Re: [PATCH v1 00/15] Add support for Nitro Enclaves

From: Alexander Graf
Date: Tue Apr 28 2020 - 11:25:58 EST




On 27.04.20 13:44, Liran Alon wrote:

On 27/04/2020 10:56, Paraschiv, Andra-Irina wrote:

On 25/04/2020 18:25, Liran Alon wrote:

On 23/04/2020 16:19, Paraschiv, Andra-Irina wrote:

The memory and CPUs are carved out of the primary VM, they are
dedicated for the enclave. The Nitro hypervisor running on the host
ensures memory and CPU isolation between the primary VM and the
enclave VM.
I hope you properly take into consideration Hyper-Threading
speculative side-channel vulnerabilities here.
i.e. Usually cloud providers designate each CPU core to be assigned
to run only vCPUs of specific guest. To avoid sharing a single CPU
core between multiple guests.
To handle this properly, you need to use some kind of core-scheduling
mechanism (Such that each CPU core either runs only vCPUs of enclave
or only vCPUs of primary VM at any given point in time).

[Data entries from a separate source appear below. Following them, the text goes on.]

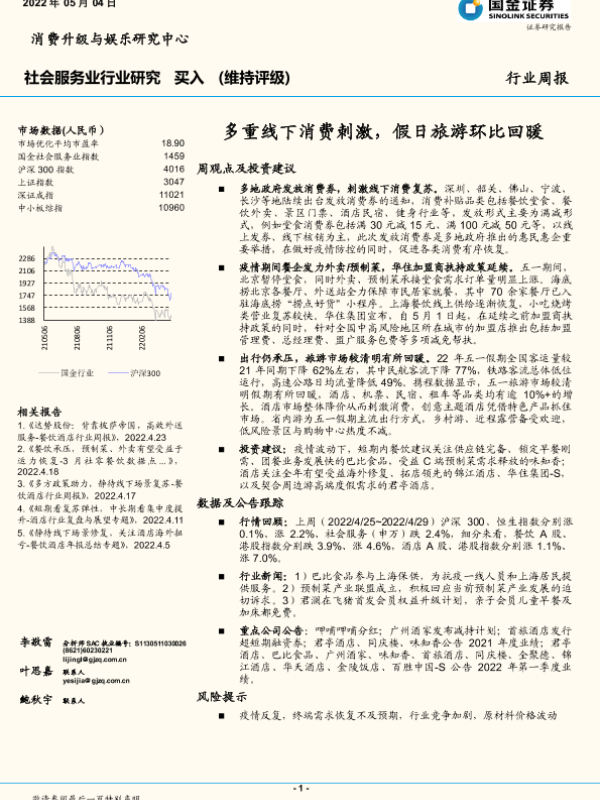 【国金证券】【20220504】社会服务业行业研究:多重线下消费刺激,假日旅游环比回暖-14页 行业研究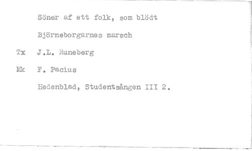 //// Söner af ett folk, som blödt Bjömeborgarnes marsch Tx J.L, Runeberg Mk F. Pacius //// Hedenblad, Studentsången 111 2,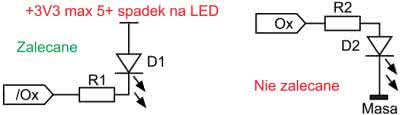 Podstawową zaletą takiego połączenia jest uzyskanie na wyjściu wyższego napięcia, co ma znaczenie dla białych i niebieskich diod LED. Dodatkowo, dioda nie pobiera prądu z kondensatora UPS. Trzeba pamiętać o ograniczeniu prądu pobieranego z wyjścia cyfrowego do 25 mA na jedno wyjście i 80 mA dla wszystkich wyjść razem.

In addition, can you elaborate more on how the enclave memory is
carved out of the primary VM?
Does this involve performing a memory hot-unplug operation from
primary VM or just unmap enclave-assigned guest physical pages from
primary VM's SLAT (EPT/NPT) and map them now only in enclave's SLAT?

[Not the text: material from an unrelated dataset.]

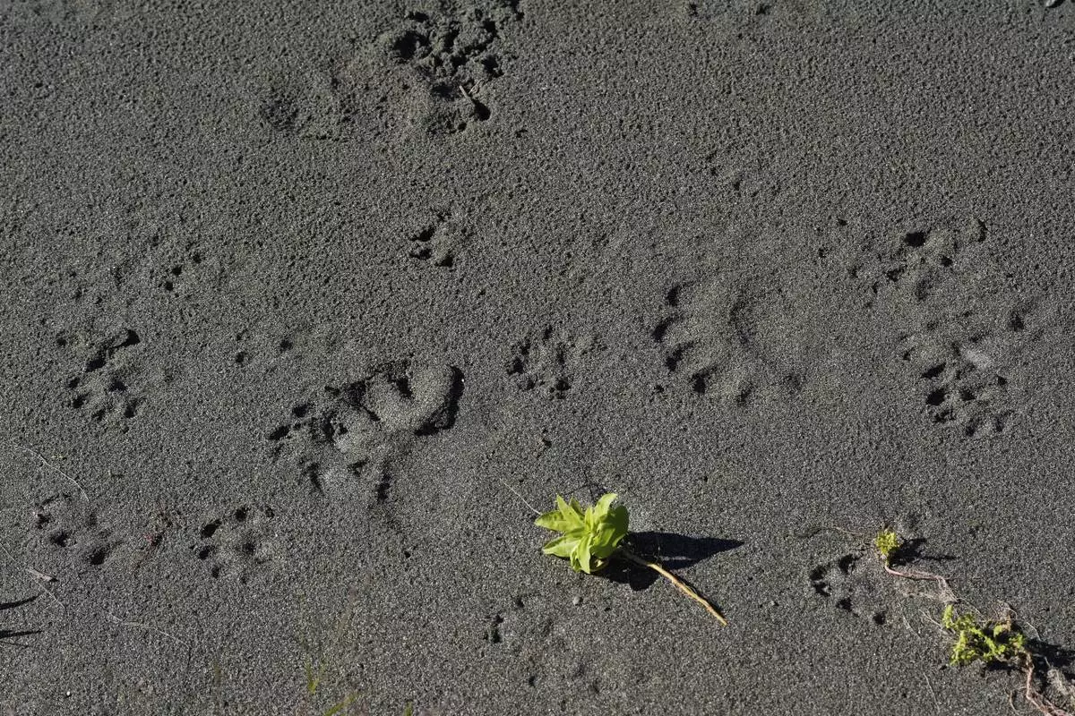 Wildlife footprints are visible on a bank of the Klamath River, Thursday, Sept. 19, 2024, in Humboldt County, Calif. (AP Photo/Godofredo A. Vásquez)

Correct, we take into consideration the HT setup. The enclave gets
dedicated physical cores. The primary VM and the enclave VM don't run
on CPU siblings of a physical core.
The way I would imagine this to work is that Primary-VM just specifies
how many vCPUs will the Enclave-VM have and those vCPUs will be set with
affinity to run on same physical CPU cores as Primary-VM.
But with the exception that scheduler is modified to not run vCPUs of
Primary-VM and Enclave-VM as sibling on the same physical CPU core
(core-scheduling). i.e. This is different than primary-VM losing
physical CPU cores permanently as long as the Enclave-VM is running.
Or maybe this should even be controlled by a knob in virtual PCI device
interface to allow flexibility to customer to decide if Enclave-VM needs
dedicated CPU cores or is it ok to share them with Primary-VM
as long as core-scheduling is used to guarantee proper isolation.

Running both parent and enclave on the same core can *potentially* lead to L2 cache leakage, so we decided not to go with it :).


Regarding the memory carve out, the logic includes page table entries
handling.
As I thought. Thanks for conformation.

IIRC, memory hot-unplug can be used for the memory blocks that were
previously hot-plugged.

https://urldefense.com/v3/__https://www.kernel.org/doc/html/latest/admin-guide/mm/memory-hotplug.html__;!!GqivPVa7Brio!MubgaBjJabDtNzNpdOxxbSKtLbqXHbsEpTtZ1mj-rnfLvMIbLW1nZ8cK10GhYJQ$


I don't quite understand why Enclave VM needs to be
provisioned/teardown during primary VM's runtime.

For example, an alternative could have been to just provision both
primary VM and Enclave VM on primary VM startup.
Then, wait for primary VM to setup a communication channel with
Enclave VM (E.g. via virtio-vsock).
Then, primary VM is free to request Enclave VM to perform various
tasks when required on the isolated environment.

Such setup will mimic a common Enclave setup. Such as Microsoft
Windows VBS EPT-based Enclaves (That all runs on VTL1). It is also
similar to TEEs running on ARM TrustZone.
i.e. In my alternative proposed solution, the Enclave VM is similar
to VTL1/TrustZone.
It will also avoid requiring introducing a new PCI device and driver.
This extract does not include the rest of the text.